> _ACTIVITY_: Retype all of the listing exactly, passing over any picture you find.

> _DATA_:
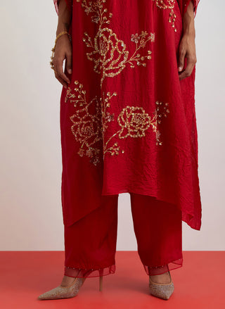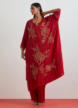 Featuring a ruby crushed silk kaftan set with hand embroidered roses pattern
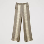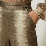 Calça de cetim, com corte de perna larga, com estampa de lagarto, botões decorativos, bolsos laterais e fecho lateral.
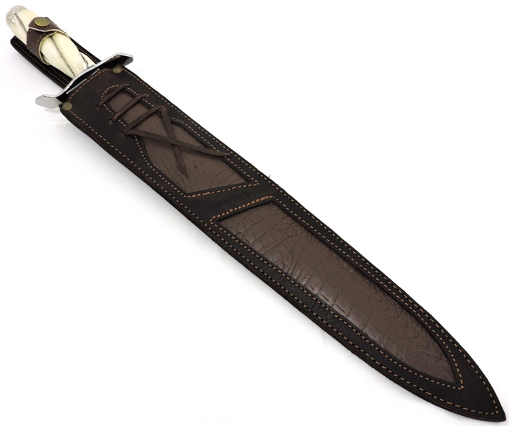 Bainha: artesasal, trabalhada com tento de couro natural, passa cinto tipo pantaneiro, ajuste perfeito da lâmina.

> _TASK ANSWER_:
 Featuring a ruby crushed silk kaftan set with hand embroidered roses pattern
 Calça de cetim, com corte de perna larga, com estampa de lagarto, botões decorativos, bolsos laterais e fecho lateral.
 Bainha: artesasal, trabalhada com tento de couro natural, passa cinto tipo pantaneiro, ajuste perfeito da lâmina.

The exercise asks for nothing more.